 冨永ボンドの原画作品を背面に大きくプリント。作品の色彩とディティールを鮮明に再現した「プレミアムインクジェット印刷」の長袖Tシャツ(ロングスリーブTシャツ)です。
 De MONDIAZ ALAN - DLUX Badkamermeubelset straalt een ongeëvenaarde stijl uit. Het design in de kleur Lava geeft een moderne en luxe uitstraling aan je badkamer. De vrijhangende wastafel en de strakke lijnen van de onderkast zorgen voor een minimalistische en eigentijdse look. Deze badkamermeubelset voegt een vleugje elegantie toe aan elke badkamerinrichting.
* * *
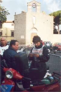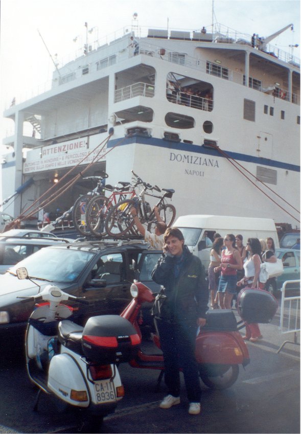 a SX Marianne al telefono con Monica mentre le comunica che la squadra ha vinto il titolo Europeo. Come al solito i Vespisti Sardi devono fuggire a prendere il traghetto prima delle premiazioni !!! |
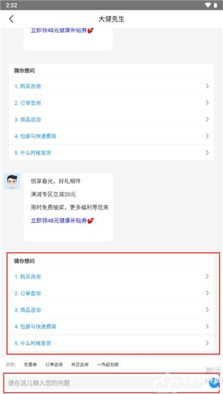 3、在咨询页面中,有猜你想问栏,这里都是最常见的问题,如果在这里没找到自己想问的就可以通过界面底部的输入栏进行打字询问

EXERCISE DETAILS: Because only one stretch of the records is wanted, please output the lines from the one holding "a SX Marianne" through the one holding "3、在咨询页面中,有猜你想问" exactly, both included, and leave every picture out.

SOLUTION BELOW:
 a SX Marianne al telefono con Monica mentre le comunica che la squadra ha vinto il titolo Europeo. Come al solito i Vespisti Sardi devono fuggire a prendere il traghetto prima delle premiazioni !!! |
 3、在咨询页面中,有猜你想问栏,这里都是最常见的问题,如果在这里没找到自己想问的就可以通过界面底部的输入栏进行打字询问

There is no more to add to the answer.